I was 18 months old when my father shipped out for Saipan in the Mariana Islands of the South Pacific in WW II.
I don’t remember the ship. But I remember the emotional wake its departure left behind: the memory of my mother crying on a train. The sounds of the clicketty-clack of the wheels rolling down the track and the whistle blowing like a lost child in the night still plunge me into existential loneliness.
Late in her life, I shared with my mother the memory or her crying on the train.
Because I was so young when it happened, she was surprised that I remembered it, She confirmed it in great detail.

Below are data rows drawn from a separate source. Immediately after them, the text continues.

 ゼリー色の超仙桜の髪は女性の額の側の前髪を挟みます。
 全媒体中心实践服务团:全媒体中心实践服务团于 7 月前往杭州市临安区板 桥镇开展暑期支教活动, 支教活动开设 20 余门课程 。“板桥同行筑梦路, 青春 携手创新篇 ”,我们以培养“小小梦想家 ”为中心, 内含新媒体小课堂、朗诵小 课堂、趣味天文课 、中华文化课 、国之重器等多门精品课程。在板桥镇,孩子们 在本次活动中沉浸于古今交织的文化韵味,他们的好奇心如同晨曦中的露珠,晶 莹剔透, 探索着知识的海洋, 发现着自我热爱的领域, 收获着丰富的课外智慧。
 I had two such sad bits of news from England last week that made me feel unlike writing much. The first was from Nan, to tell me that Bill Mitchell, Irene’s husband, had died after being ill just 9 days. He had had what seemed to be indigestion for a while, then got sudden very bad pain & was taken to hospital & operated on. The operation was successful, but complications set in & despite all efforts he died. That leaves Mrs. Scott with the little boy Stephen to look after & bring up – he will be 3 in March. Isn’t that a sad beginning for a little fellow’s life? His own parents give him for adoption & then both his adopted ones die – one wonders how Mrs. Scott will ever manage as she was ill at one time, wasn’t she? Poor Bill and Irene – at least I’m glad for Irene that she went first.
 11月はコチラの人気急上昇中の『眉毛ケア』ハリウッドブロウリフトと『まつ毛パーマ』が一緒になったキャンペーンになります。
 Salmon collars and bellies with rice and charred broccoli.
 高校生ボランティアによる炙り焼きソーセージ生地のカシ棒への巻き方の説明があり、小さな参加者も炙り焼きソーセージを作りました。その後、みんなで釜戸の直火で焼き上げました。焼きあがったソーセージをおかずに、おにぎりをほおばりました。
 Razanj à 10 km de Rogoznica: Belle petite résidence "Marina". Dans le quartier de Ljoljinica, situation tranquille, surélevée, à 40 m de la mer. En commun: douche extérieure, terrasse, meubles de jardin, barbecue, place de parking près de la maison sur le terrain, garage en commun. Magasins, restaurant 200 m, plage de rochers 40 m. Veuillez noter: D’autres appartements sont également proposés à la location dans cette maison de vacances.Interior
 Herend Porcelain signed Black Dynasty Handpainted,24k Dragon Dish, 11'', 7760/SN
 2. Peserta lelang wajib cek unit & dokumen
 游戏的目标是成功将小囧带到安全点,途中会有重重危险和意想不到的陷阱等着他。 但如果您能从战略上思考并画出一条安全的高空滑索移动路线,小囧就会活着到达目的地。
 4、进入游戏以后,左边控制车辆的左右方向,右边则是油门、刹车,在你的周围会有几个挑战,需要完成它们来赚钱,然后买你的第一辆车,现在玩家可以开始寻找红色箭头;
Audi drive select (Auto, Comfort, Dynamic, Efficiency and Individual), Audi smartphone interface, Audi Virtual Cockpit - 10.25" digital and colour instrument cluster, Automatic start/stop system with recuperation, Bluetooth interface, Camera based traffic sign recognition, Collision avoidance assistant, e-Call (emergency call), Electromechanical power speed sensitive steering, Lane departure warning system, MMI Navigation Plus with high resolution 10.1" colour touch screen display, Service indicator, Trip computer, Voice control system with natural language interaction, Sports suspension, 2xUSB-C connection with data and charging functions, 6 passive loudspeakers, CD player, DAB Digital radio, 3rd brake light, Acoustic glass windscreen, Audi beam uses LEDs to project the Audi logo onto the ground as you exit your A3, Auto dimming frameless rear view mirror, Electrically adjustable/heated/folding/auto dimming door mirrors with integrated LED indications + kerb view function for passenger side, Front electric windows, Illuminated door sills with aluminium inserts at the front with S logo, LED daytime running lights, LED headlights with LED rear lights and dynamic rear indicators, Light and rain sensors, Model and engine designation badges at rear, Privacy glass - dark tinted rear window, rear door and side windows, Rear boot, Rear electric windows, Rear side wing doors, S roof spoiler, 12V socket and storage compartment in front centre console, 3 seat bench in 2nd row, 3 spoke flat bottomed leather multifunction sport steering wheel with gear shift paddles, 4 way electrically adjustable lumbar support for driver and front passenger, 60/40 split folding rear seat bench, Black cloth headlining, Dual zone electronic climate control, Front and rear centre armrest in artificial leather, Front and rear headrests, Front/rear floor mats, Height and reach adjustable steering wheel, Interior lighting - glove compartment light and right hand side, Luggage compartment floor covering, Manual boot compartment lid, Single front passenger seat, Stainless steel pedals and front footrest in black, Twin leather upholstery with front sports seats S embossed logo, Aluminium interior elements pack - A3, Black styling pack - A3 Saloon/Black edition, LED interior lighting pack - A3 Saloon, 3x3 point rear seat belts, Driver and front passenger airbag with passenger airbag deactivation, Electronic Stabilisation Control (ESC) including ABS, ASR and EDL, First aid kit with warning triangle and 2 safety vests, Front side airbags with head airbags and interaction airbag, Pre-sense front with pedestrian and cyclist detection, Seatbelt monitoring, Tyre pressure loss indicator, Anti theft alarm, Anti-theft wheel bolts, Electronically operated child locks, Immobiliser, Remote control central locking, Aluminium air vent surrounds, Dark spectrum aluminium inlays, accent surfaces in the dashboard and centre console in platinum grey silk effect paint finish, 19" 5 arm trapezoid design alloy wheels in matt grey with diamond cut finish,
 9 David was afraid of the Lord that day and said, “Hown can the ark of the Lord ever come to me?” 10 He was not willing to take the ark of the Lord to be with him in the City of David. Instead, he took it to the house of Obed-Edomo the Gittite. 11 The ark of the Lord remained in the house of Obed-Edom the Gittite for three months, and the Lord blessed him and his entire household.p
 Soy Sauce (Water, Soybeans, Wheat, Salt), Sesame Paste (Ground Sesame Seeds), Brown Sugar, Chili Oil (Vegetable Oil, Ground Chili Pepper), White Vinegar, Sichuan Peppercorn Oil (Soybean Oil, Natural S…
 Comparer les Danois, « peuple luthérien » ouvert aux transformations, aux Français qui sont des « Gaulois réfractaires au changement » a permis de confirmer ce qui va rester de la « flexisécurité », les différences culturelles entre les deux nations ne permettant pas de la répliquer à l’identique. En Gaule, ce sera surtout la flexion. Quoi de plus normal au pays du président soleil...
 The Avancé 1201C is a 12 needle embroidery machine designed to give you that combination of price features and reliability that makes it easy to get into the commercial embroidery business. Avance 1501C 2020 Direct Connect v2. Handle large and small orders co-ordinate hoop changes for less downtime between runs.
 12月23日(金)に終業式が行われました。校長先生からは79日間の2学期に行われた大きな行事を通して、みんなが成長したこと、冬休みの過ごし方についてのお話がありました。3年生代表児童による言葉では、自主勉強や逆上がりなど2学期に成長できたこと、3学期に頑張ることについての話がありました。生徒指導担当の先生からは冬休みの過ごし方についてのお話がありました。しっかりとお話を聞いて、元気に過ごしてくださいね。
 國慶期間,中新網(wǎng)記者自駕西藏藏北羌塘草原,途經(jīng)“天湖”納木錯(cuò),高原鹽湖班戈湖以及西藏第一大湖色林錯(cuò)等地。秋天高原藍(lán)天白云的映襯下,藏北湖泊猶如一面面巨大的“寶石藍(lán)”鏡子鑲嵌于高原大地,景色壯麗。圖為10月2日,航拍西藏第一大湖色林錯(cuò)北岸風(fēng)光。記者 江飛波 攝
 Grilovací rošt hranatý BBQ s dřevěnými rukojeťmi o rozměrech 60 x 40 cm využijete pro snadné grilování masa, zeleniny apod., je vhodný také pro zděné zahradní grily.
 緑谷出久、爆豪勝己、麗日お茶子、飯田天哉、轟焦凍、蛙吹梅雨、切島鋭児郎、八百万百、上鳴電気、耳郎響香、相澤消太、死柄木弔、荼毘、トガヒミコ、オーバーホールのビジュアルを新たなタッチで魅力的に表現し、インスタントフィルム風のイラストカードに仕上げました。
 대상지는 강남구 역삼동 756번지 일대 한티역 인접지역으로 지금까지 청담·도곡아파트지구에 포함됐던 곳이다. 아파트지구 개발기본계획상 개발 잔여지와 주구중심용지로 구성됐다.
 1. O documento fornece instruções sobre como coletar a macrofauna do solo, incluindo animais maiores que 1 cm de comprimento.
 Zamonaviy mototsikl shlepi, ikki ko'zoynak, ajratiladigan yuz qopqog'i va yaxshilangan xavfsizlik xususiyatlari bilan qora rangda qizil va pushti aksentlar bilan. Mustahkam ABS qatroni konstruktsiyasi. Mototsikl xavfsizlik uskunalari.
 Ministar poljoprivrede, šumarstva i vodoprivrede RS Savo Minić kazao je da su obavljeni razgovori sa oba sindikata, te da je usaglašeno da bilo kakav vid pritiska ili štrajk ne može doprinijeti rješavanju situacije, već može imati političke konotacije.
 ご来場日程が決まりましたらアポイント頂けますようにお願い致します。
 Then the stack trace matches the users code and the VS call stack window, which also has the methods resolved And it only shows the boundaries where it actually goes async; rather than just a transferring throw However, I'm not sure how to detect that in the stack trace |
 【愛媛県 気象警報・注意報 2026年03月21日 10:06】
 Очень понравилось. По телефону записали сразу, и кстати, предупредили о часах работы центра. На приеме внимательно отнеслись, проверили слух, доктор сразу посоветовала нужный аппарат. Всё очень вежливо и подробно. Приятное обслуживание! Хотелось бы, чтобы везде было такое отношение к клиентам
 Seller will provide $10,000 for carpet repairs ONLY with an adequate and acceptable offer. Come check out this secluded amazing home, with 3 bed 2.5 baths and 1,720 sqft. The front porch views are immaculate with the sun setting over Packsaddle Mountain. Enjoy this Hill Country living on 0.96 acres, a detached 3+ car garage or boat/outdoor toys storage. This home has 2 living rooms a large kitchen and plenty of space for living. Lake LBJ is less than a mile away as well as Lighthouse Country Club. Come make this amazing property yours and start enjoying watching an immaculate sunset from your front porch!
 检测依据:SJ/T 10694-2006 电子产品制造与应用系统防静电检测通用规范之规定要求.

Dad felt “a call” to stand with the brave men who were risking their lives in the war against fascism and imperialism. With my mother’s blessing, he resigned his pastorate in Mechanicsburg, PA to enlist as an Army Air Force Chaplain. After six-months in the States, he left my mother and me behind.
While he was preaching on board ship, my mother and I were on a train from Los Angeles, his point of departure, to Boston, the home of my paternal grandparents.
I never saw the photo or thought of him aboard ship until a phone call and subsequent picture arrived by email from a researcher of my father’s unit on Saipan last month. Dad was tending his “flock” on board ship. I never knew. Some things, like wine, take time.
Not everything is as it seems or feels. We do the best we can and pray it’s good enough.